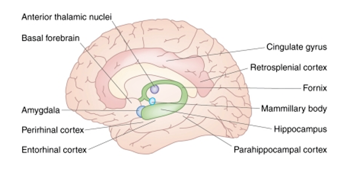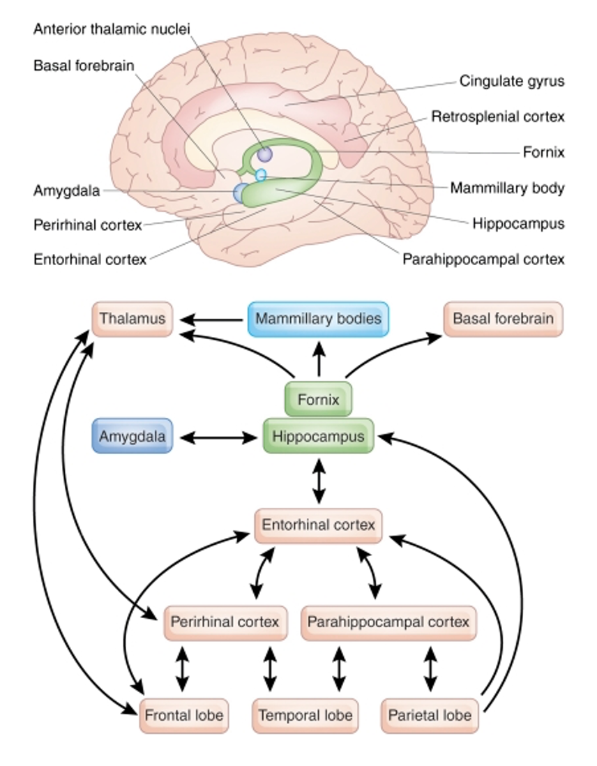 Fornix (connects to Mamillary bodies, thalamus, basal forebrain)
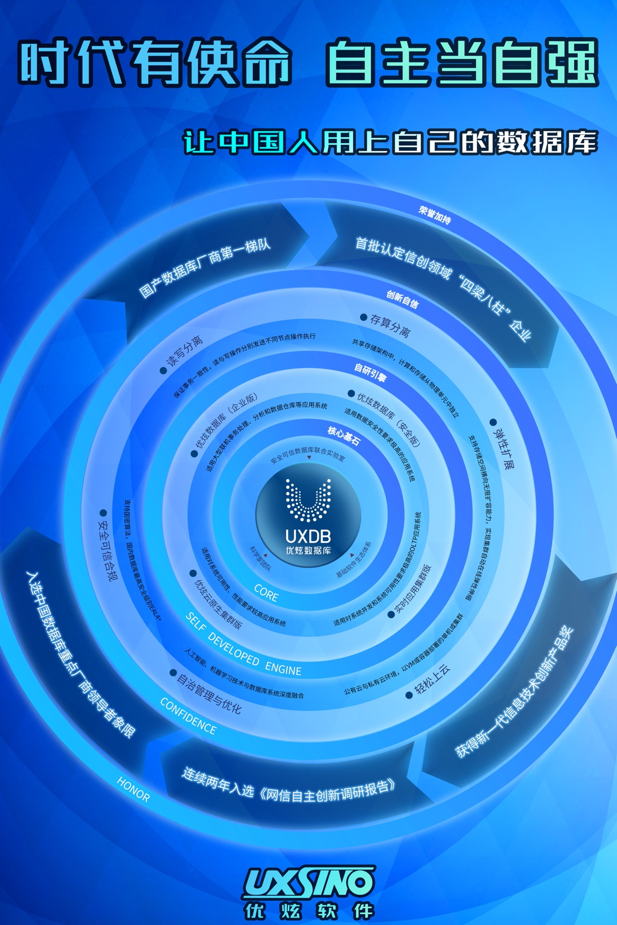 越是壮阔的征程,越需要领航的力量。优炫软件将继续坚定不移地走自主创新发展道路,把握机遇,积蓄力量,夯实成果,发展国产数据库领域新动能新优势,向中国数据库第一品牌冲击!
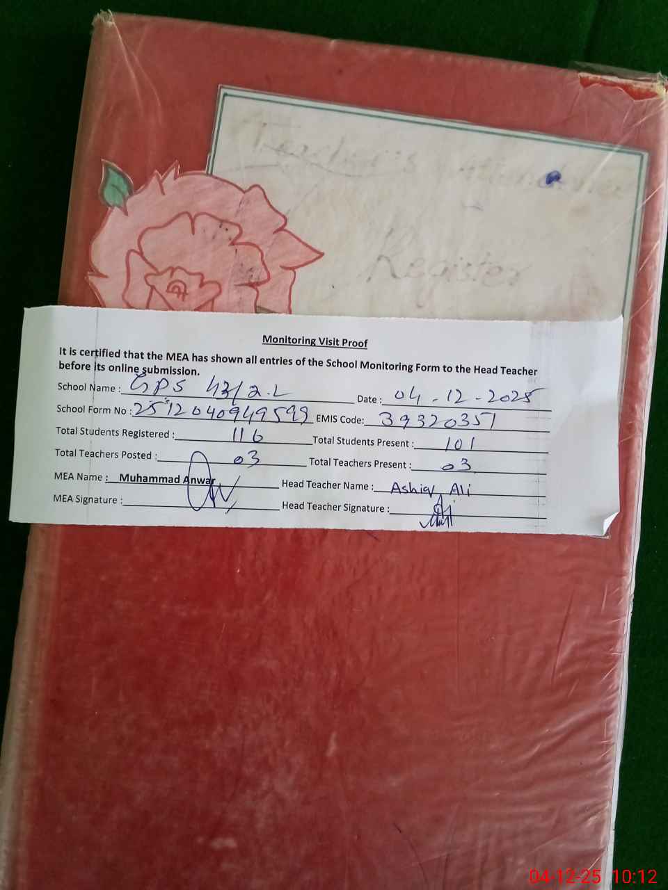 | EMIS Code: 39320351 | Name of School: GPS CHAK 43/2-L | |||
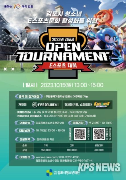 이벤트 경기는 주민등록기준지상 김포시 거주자만 참여 가능하며 ▲ 개인전 피파온라인4(14~19세 청소년) ▲ 단체전 카트라이더 러쉬플러스(8~19세 청소년 1명 포함된 4명 자율구성 팀)이며, 각 종목별 참가자를 선착순으로 모집한다.
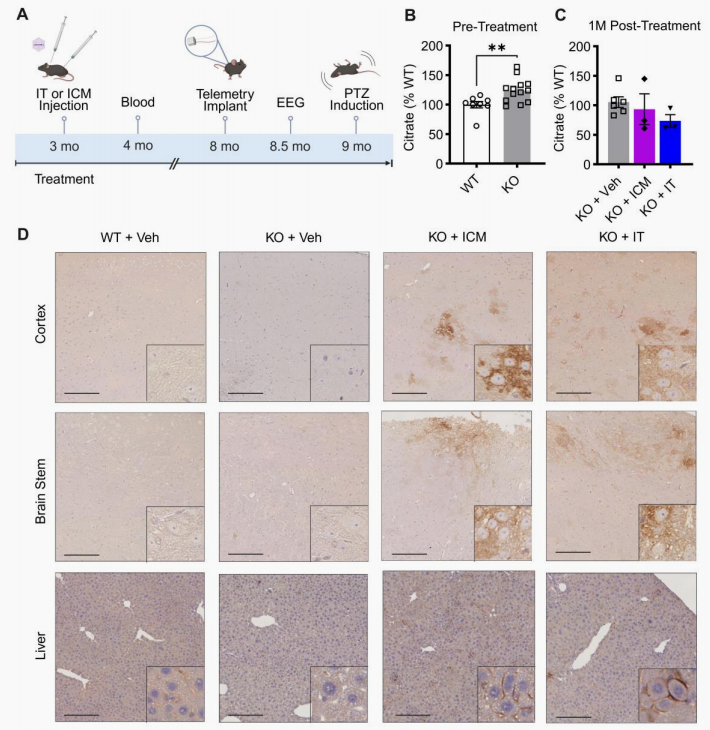 图2 在Slc13a5 KO小鼠出生后第10天(P10)进行脑室内(IT)注射AAV9/SLC13A5后,小鼠大脑中钠-柠檬酸共转运体(NaCT)表达显著增强,且血柠檬酸水平下降。(图片来源:Bailey LE et al, J Clin Invest., 2026)
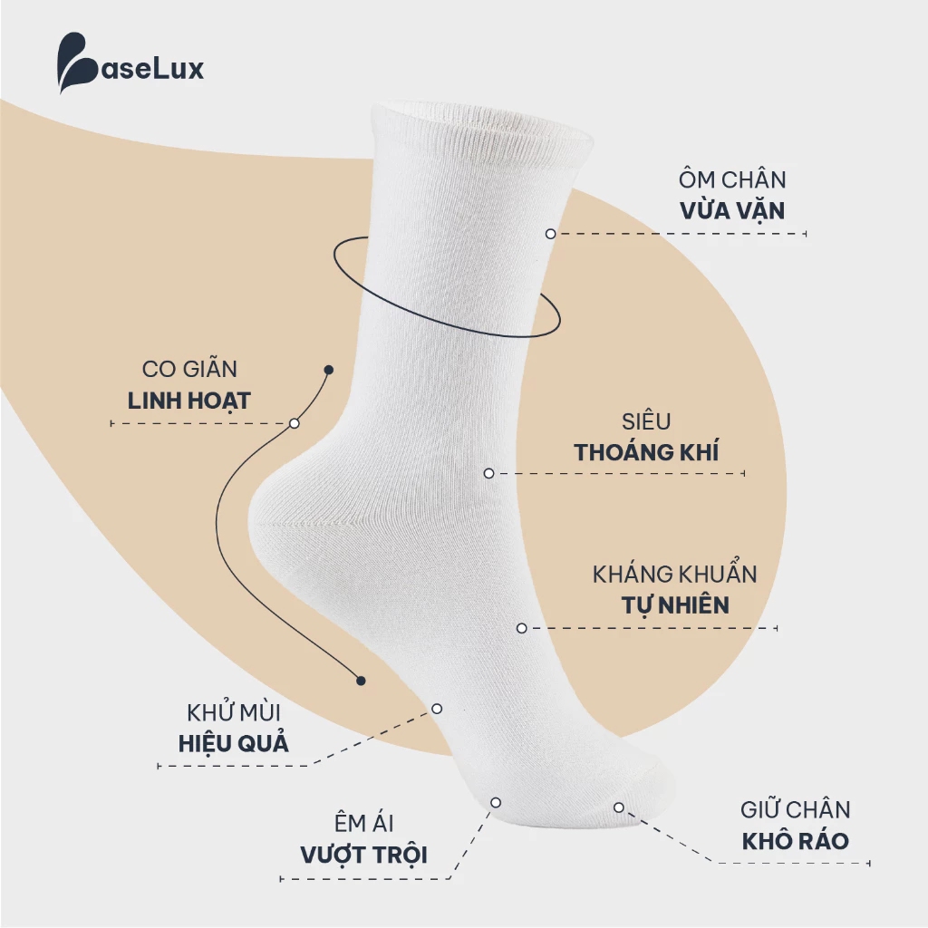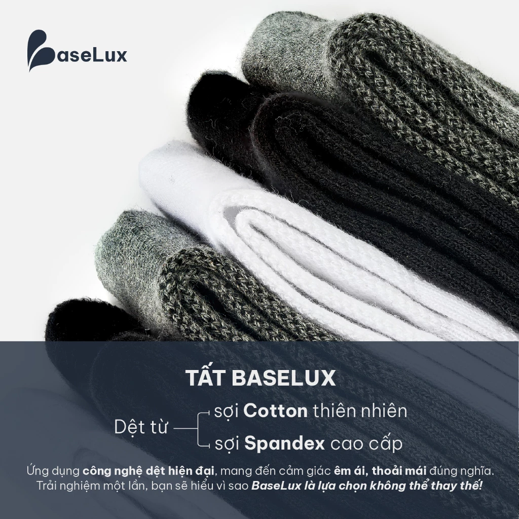 👉 Tất BaseLux – được dệt từ Sợi Cotton thiên nhiên & Sợi Spandex cao cấp
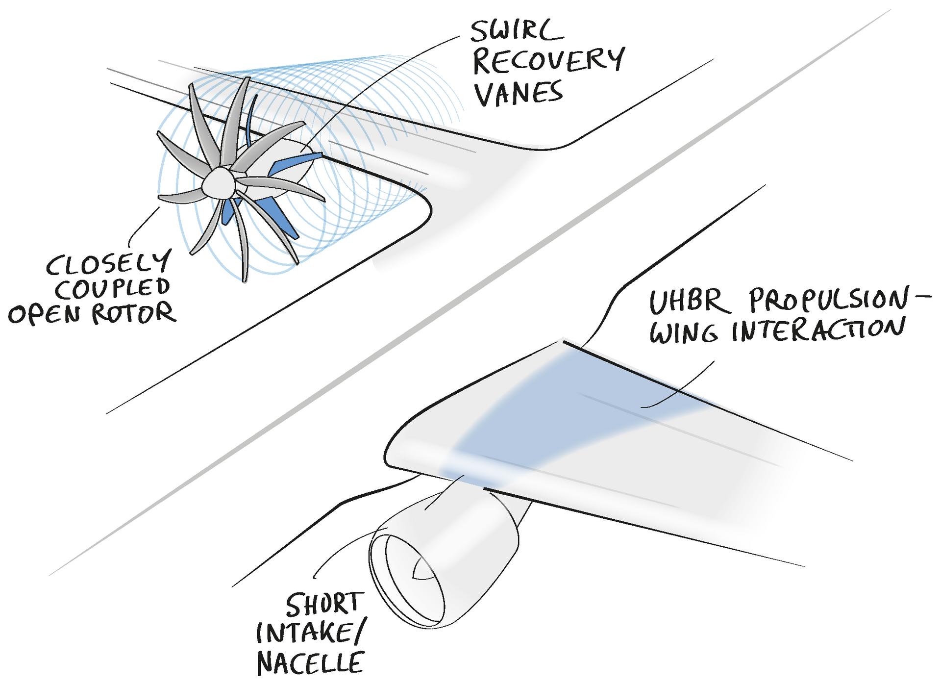 Mehr synergetische Ansätze ermöglichen auch eine höhere Effizienz in der Antriebsintegration. Zukünftige Triebwerkskonzepte werden deutlich erhöhte Bypassverhältnisse durch ummantelte (Ultra High Bypass Ratio, UHBR) oder offene (Open Rotor, OR; Contra Rotating Open Rotor, CROR) Antriebe aufweisen. Diese erfordern eine sorgfältige Integration, da die stärkere aerodynamische Kopplung der Zellenaerodynamik mit der Umströmung des Antriebs ausgenutzt werden muss. Darüber hinaus könnte die Grenzschichteinsaugung in den Triebwerkseinlauf (Boundary Layer Ingestion, BLI) dazu beitragen, die negativen Auswirkungen des viskosen Widerstands am Rumpf zu verringern, und so die Gesamteffizienz des Antriebs verbessern. Dazu müssen der Einlauf und der Propulsor allerdings eine zusätzliche Dimension der Ungleichförmigkeit der Strömung bewältigen.
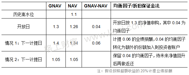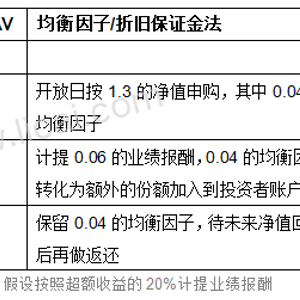 该方法下,基金管理人针对基金资产计提业绩报酬,同时针对单客户进行账户调整以实现不同时点进入的投资者的公平性,调整项称为“均衡因子/折旧保证金”。
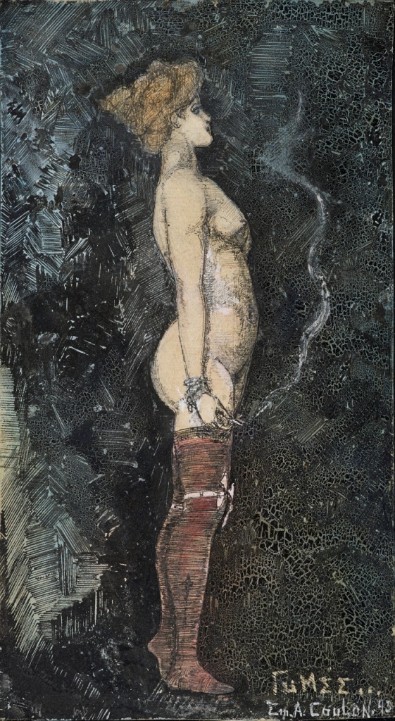 Toutefois, le dessin de Coulon est dépourvu de toute allusion morbide et de toute satire des mœurs bourgeoises qui transparaissent souvent dans les œuvres de Rops, caricaturiste à ses débuts. Chez notre artiste, la représentation féminine oscille entre fascination et poésie. L’encre entourant le visage de profil du modèle, crée un halo sombre participant à son aura mystérieuse. Bien que la jeune femme révèle des indices sur sa condition de prostituée, tels les bas rouges et surtout la cigarette, elle est hiératique comme une statue antique et offre un profil fin et délicat. Comme chez Rops, le titre participe de la lecture de l’image, mais si ce dernier recherche la provocation et l’amusement, Coulon interroge et poétise le quotidien. « Fumée... » peut ainsi être lu comme une métonymie du personnage, allusion à ses amours volages et à la précarité de son existence.
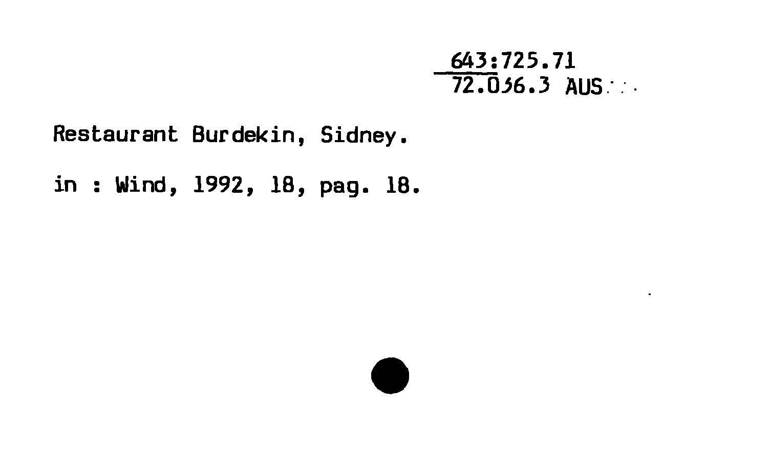 - Restaurant Burdekin, Sidney
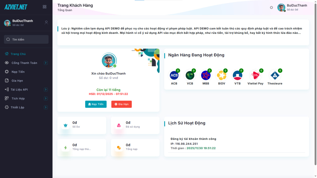 bảo hành api 15 ngày và từ lần sau khi api bank update chúng tôi sẽ thu 100k tùy ngân hàng để update api bank của ngân hàng đó hoặc bạn có thể mua api bên ngoài tự code vào
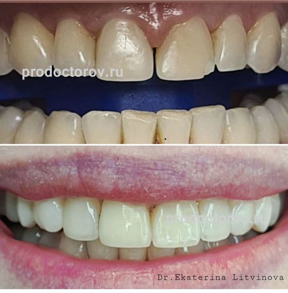 Я после брекет лечения и зубы мои были в ужасном состоянии. История очень непростая. Но как я могу поделиться хоть с кем-то, когда я стеснялся даже рот открыть не то чтобы улыбаться. Начались очень долгие поиски поиски кто бы мне мог посочь спасти мои зубы и что мои зубы были или стали как прежде белые. Они были очень кривые сейчас уже после брекетолечения все хорошо но желтые были. И вот правильно говорят, что кто ищет тот всегда найдёт. Начались поиски того самого врача. Врача моей мечты. После нашего знакомства я теперь не представляю ни одного врача рядом. А тем более я нашёл где можно точно отбелить зубы. Не просто почистить пастой знаете, если вы пытались отбелить зубы. Есть разные оказывается способы. Наконец-то для меня нашли время, пришлось конечно подождать чтобы попасть к Литвиновой Екатерине Семеновне, но я это сделал. Теперь у меня белые зубы, а счастью нет предела. Теперь всегда отбеливать зубы только к Литвиновой Екатерине Семеновне!
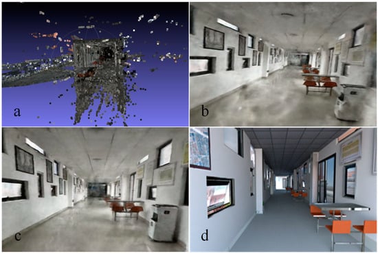 During the preliminary exploration phase, significant technical difficulties emerged when utilizing CC to process complex scenes characterized by extensive areas of white walls and floors. Specifically, conventional three-dimensional reconstruction algorithms encountered challenges in extracting an adequate number of feature points from these expansive white surfaces, which resulted in unsuccessful feature matching. This limitation subsequently hindered precise registration during the aerial triangulation phase, ultimately leading to unsuccessful modeling outcomes. To mitigate this issue and achieve a comprehensive model, a substantial increase in the dataset was considered, resulting in the incorporation of 895 unrestricted photographs for re-modeling through CC, as illustrated in Figure 5a. Although initial modeling results were obtained, the output displayed significant voids and protrusions, and manual remediation proved to be inefficient. Consequently, OSketch Up software(V1.0) was employed, leveraging its interactive object-based modeling capabilities to enhance the preliminary CC model, as depicted in Figure 6c,d. This integration significantly improved processing efficiency and effectively reduced the time required for manual corrections. Ultimately, by combining the functionalities of both software tools, a successful object-based construction of the model was realized, with the final result presented in Figure 6b, thereby accomplishing both efficient and accurate three-dimensional model reconstruction.
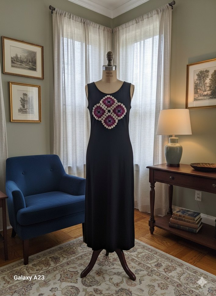 Siyah renkli göğüs kısmı tığ işi süsleme detaylı,istenirse çıkarılabilir o zaman da V yakalı düz sade elbise olacakta kullanılabilir
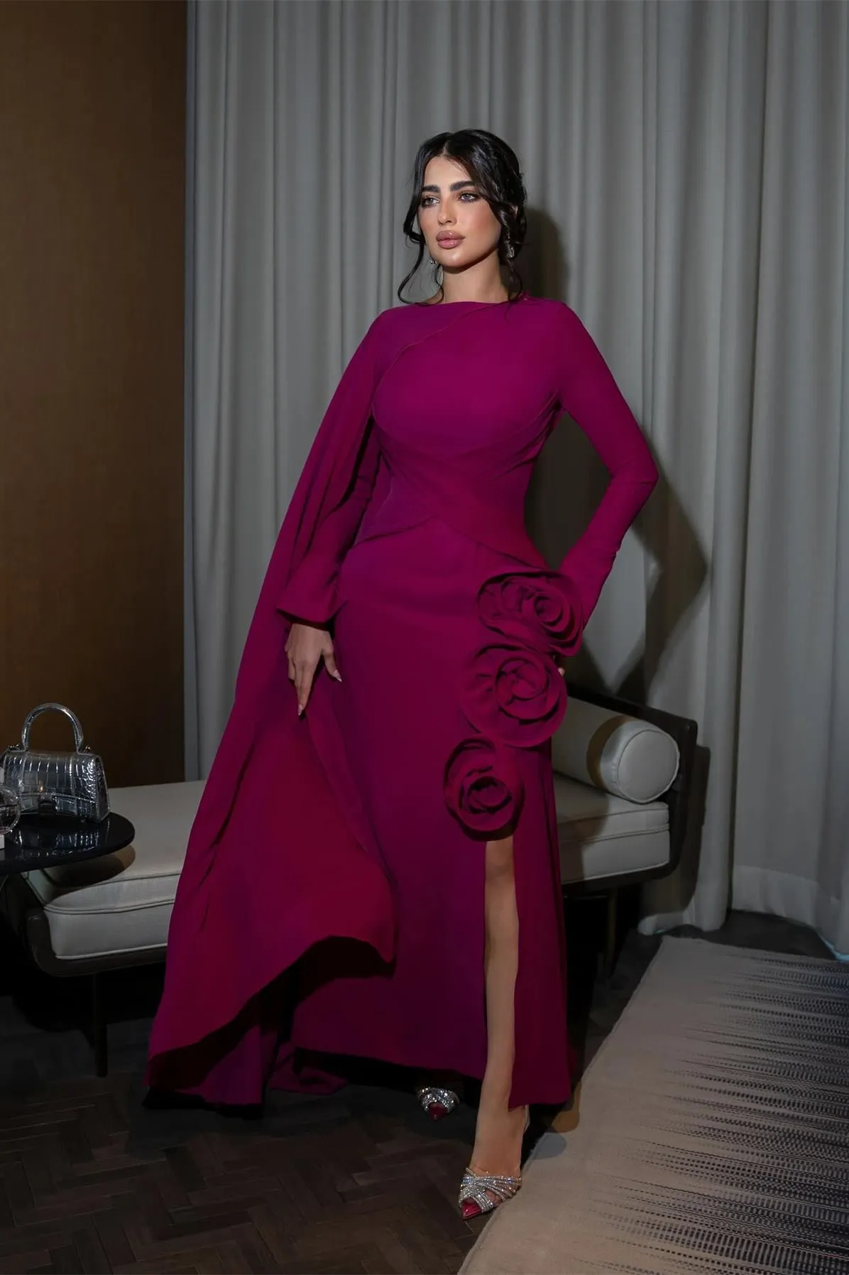 Alevna™ Ayla - Uzun Elbise Ve Çiçekli Pelerin
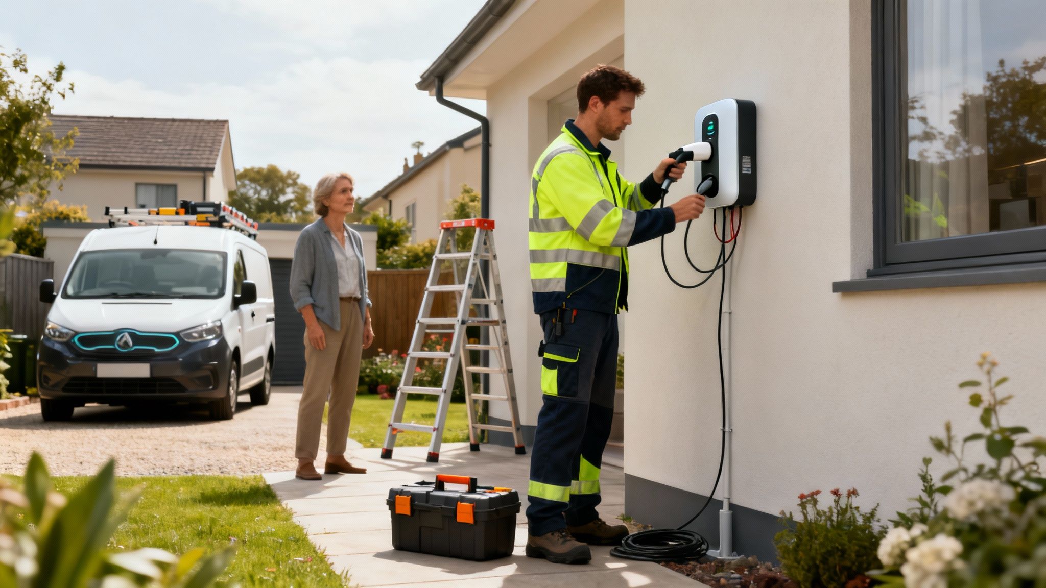 Let’s get one thing straight from the start: this is absolutely not a DIY job. Please, do not let your mate who's 'good with wires' anywhere near it . By law, installing a home charger must be done by a qualified and certified electrician. Look for someone accredited by a scheme like the Office for Zero Emission Vehicles (OZEV). It's your guarantee that they know exactly what they’re doing and will issue the safety certificates you need.
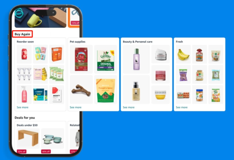 詳細來看,亞馬遜正在通過人工智能、機器學習技術增強主頁個性化推薦,根據用戶最近的瀏覽、購買歷史,有針對性地推薦可能感興趣的產品。舉例來說,如果消費者最近購買了一條新被子,主頁可能會展示相關的枕頭、被套、床單等用品。
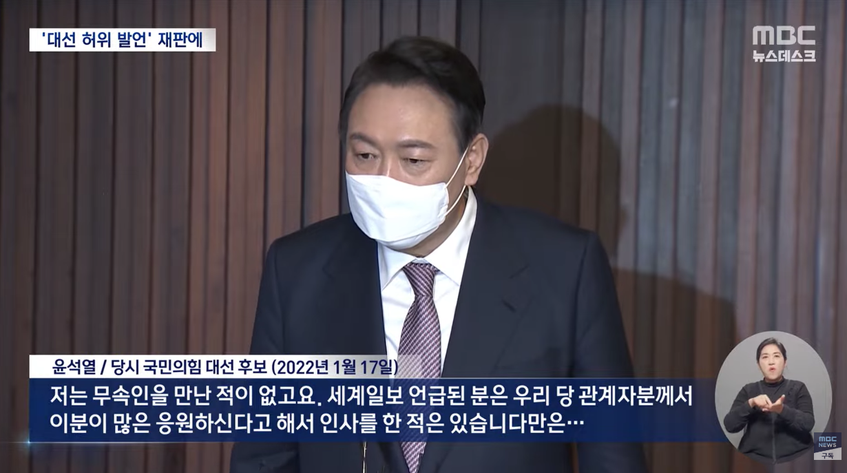 혐의: 윤석열 피고인이 2022년 대선 전, 건진법사(전성배 씨)를 만난 적이 없고 배우자 김건희 씨와 함께 만난 적도 없다고 부인한 발언이 거짓이라는 판단입니다.

▶ [What to work on] Each line above from the one containing "Toutefois, le dessin" through the one containing "- Restaurant Burdekin, Sidney" is to be returned verbatim. Nothing else, and no pictures.

▶ [Result]
 Toutefois, le dessin de Coulon est dépourvu de toute allusion morbide et de toute satire des mœurs bourgeoises qui transparaissent souvent dans les œuvres de Rops, caricaturiste à ses débuts. Chez notre artiste, la représentation féminine oscille entre fascination et poésie. L’encre entourant le visage de profil du modèle, crée un halo sombre participant à son aura mystérieuse. Bien que la jeune femme révèle des indices sur sa condition de prostituée, tels les bas rouges et surtout la cigarette, elle est hiératique comme une statue antique et offre un profil fin et délicat. Comme chez Rops, le titre participe de la lecture de l’image, mais si ce dernier recherche la provocation et l’amusement, Coulon interroge et poétise le quotidien. « Fumée... » peut ainsi être lu comme une métonymie du personnage, allusion à ses amours volages et à la précarité de son existence.
 - Restaurant Burdekin, Sidney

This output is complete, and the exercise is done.